L'Événement
"Un film d'auteur sans autrice ", comme l'observe sévèrement Critikat ? Le jury de la Mostra de Venise, présidé par le metteur en scène sud-coréen Bong-Joon-ho, en a décidé autrement en accordant son Lion d'or à L'Événement, d'Audrey Diwan, d'après l'œuvre-éponyme d'Annie Ernaux. S'il s'agissait ainsi de primer la densité et les résonances d'un propos alors même que le droit à l'IVG reste remis en cause (notamment au Texas...) tout en actant une année phare pour les réalisatrices (l'Oscar pour Nomadland, la palme d'or pour Titane à Cannes), la récompense est méritée. Si l'enjeu, en revanche, était de mettre en avant un ton neuf et personnalisé, on sera davantage circonspect.

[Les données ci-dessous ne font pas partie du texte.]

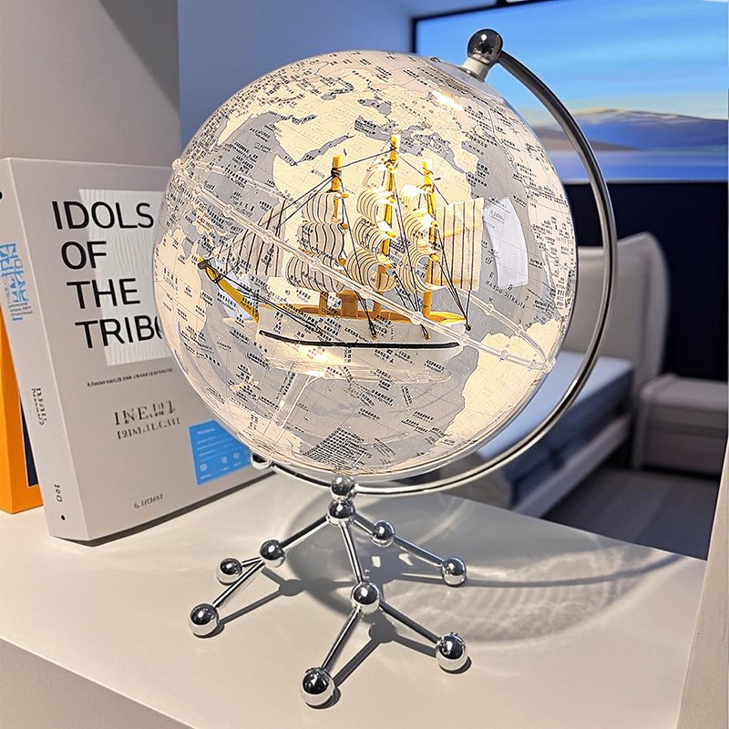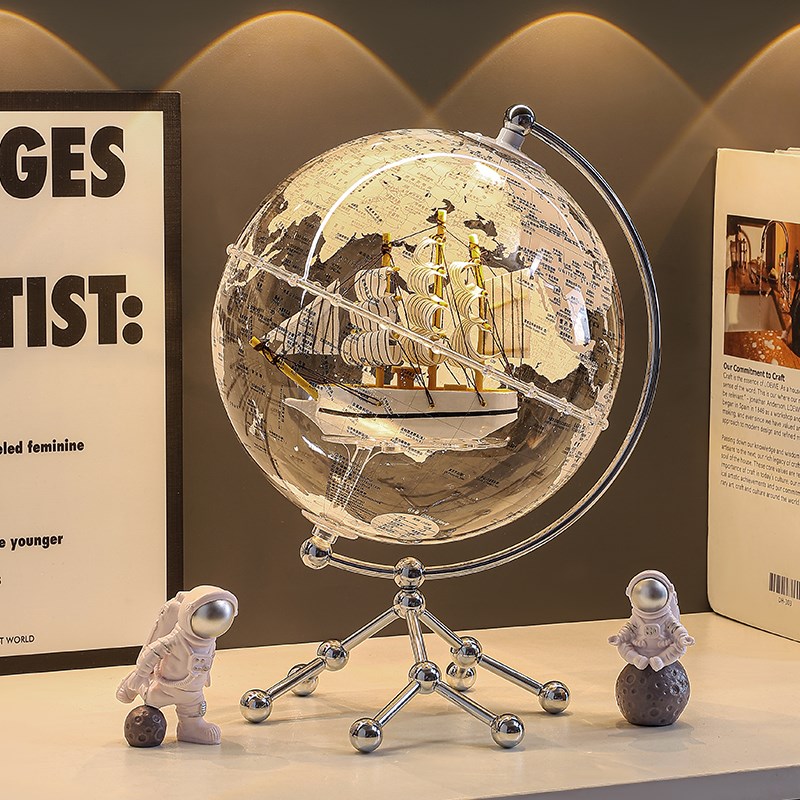 升级款帆船地球仪摆件带灯光轻奢客厅电视柜办公室生日礼物男

Format carré, caméra au plus près du visage... Audrey Diwan, de fait, reprend sans faillir le style propre aux frères Dardenne en évoquant le sort d'Anne, étudiante en lettres issue des milieux populaires dans une ville de province, ainsi que le compte à rebours qui la mine dès lors qu'un étudiant de passage l'a rendue enceinte. On est en 1963, et l'avortement est un gros mot. Qui peut aider cette jeune femme ? L'une de ses soi-disant meilleures copines qui prétendait tout savoir de la sexualité alors qu'elle est encore vierge ? Ce médecin ignoble qui abuse de sa crédulité en lui prescrivant un médicament censé provoquer les règles quand au contraire il renforce l'embryon ?

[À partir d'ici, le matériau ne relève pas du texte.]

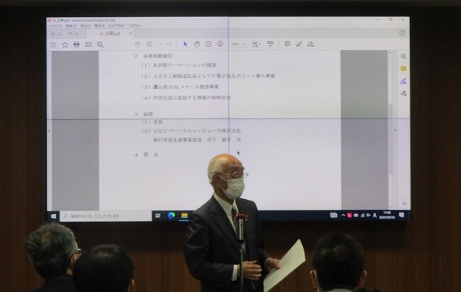 山形県米沢市(市長 中川勝)は、令和5年3月3日(金)に「Society5.0実現に向けた米沢市ICT推進チーム最終報告会」を開催しました。米沢市ICT推進チームは、令和2年3月にNECパーソナルコンピュータ株式会社(本社:東京都千代田区 代表取締役執行役員社長及びレノボ・ジャパン代表取締役社長:檜山太郎、以下NECPCという。)と締結した連携協定のもと、地域の課題解決にデジタルを活用した手法を検討するチームとして、市役所の若手職員24人が組織横断的に結成され、NECPCがアドバイザーを担いながら4チームに分かれ、それぞれのテーマで3年間の活動を行ってきました。その最終報告として中川市長をはじめ関係部署の幹部職員へ事業報告を行いました。

Implacable dans sa construction et cochant toutes les cases d'un naturalisme qui ne saisit Anne que dans sa dimension psycho-physiologique (on n'en saura guère plus sur sa passion pour Sartre suggérée au début du film...) la mise en scène offre un curieux cocktail de vibrations indéniables et de séquences attendues. On y retrouve guère la sidération qu'avait su créer le réalisateur roumain Cristian Mengiu dans 4 mois, 3 semaines, deux jours... La rage soigneusement contextualisée d'un Chabrol dans Une Affaire de femmes manque également à l'appel.
Reste le regard dur et incandescent d'Anamaria Vartolomeil, qui joue le rôle principal. On lui préfère, telles des lignes de fuite que L'Événement n'investit qu'avec parcimonie, les scènes avec Sandrine Bonnaire en mère bistrotière à la fois distante et attentionnée envers sa môme. Dans le même ordre d'idées, l'apparition d'Anna Mouglalis en faiseuse d'anges austère dotée d'une voix gutturale semble dénouer le film de son parti-pris esthétique initial au profit d'une intensité de vécu faisant un peu moins système.
L'Événement, Audrey Diwan, Lion d'or à Venise. Sortie en salles ce mercredi 24 novembre.